Exercise objective |
Below are the entries; give again exactly the lines from the one mentioning "Represent Jamaica with" through the one mentioning "VERY NICE HAND", inclusive.

Records shown |
________________________
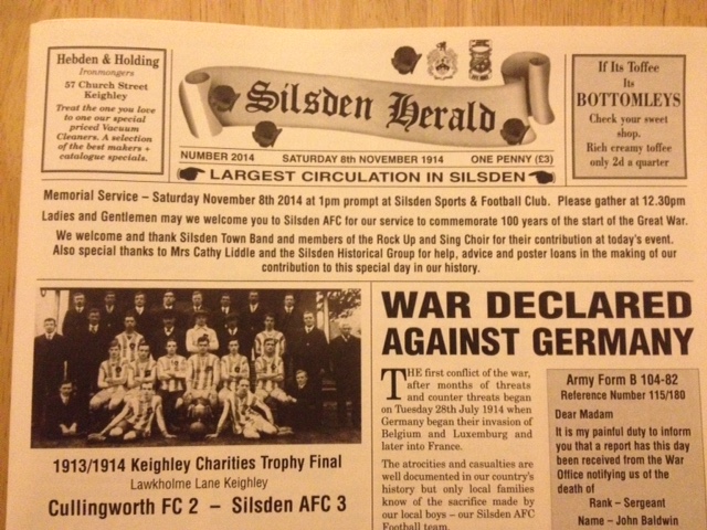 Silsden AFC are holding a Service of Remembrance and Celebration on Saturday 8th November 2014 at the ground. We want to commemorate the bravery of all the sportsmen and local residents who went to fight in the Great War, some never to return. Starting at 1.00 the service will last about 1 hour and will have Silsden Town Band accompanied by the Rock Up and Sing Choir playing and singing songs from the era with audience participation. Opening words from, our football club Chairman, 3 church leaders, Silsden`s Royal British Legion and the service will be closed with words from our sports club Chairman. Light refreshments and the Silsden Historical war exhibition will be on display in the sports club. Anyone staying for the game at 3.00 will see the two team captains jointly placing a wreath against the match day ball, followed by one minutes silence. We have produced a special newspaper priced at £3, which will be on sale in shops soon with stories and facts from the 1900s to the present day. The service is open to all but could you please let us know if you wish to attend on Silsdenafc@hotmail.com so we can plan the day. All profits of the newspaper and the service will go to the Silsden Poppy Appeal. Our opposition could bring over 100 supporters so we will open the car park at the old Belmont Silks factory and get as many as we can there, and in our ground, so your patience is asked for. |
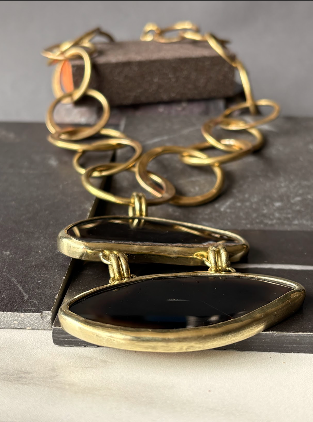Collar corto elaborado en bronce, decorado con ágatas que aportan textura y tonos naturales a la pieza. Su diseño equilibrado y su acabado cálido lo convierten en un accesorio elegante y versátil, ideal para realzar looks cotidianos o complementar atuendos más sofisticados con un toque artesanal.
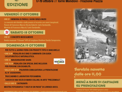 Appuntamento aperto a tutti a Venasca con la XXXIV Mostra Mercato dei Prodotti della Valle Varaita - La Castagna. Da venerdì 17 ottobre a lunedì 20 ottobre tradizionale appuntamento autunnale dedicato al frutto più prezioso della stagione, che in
________________________
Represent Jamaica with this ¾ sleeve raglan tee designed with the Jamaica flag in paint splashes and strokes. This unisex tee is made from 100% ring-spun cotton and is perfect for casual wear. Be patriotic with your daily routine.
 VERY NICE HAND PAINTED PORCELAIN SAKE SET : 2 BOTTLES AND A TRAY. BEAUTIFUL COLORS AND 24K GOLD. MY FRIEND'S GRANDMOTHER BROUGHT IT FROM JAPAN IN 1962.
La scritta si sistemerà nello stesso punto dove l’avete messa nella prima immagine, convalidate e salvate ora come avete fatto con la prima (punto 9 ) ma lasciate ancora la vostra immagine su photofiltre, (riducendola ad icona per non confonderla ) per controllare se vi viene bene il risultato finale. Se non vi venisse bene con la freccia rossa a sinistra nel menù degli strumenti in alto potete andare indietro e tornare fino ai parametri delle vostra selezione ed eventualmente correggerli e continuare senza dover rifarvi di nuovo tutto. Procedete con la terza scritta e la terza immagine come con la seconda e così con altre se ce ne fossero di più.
________________________
Exercise output |
Represent Jamaica with this ¾ sleeve raglan tee designed with the Jamaica flag in paint splashes and strokes. This unisex tee is made from 100% ring-spun cotton and is perfect for casual wear. Be patriotic with your daily routine.
 VERY NICE HAND PAINTED PORCELAIN SAKE SET : 2 BOTTLES AND A TRAY. BEAUTIFUL COLORS AND 24K GOLD. MY FRIEND'S GRANDMOTHER BROUGHT IT FROM JAPAN IN 1962.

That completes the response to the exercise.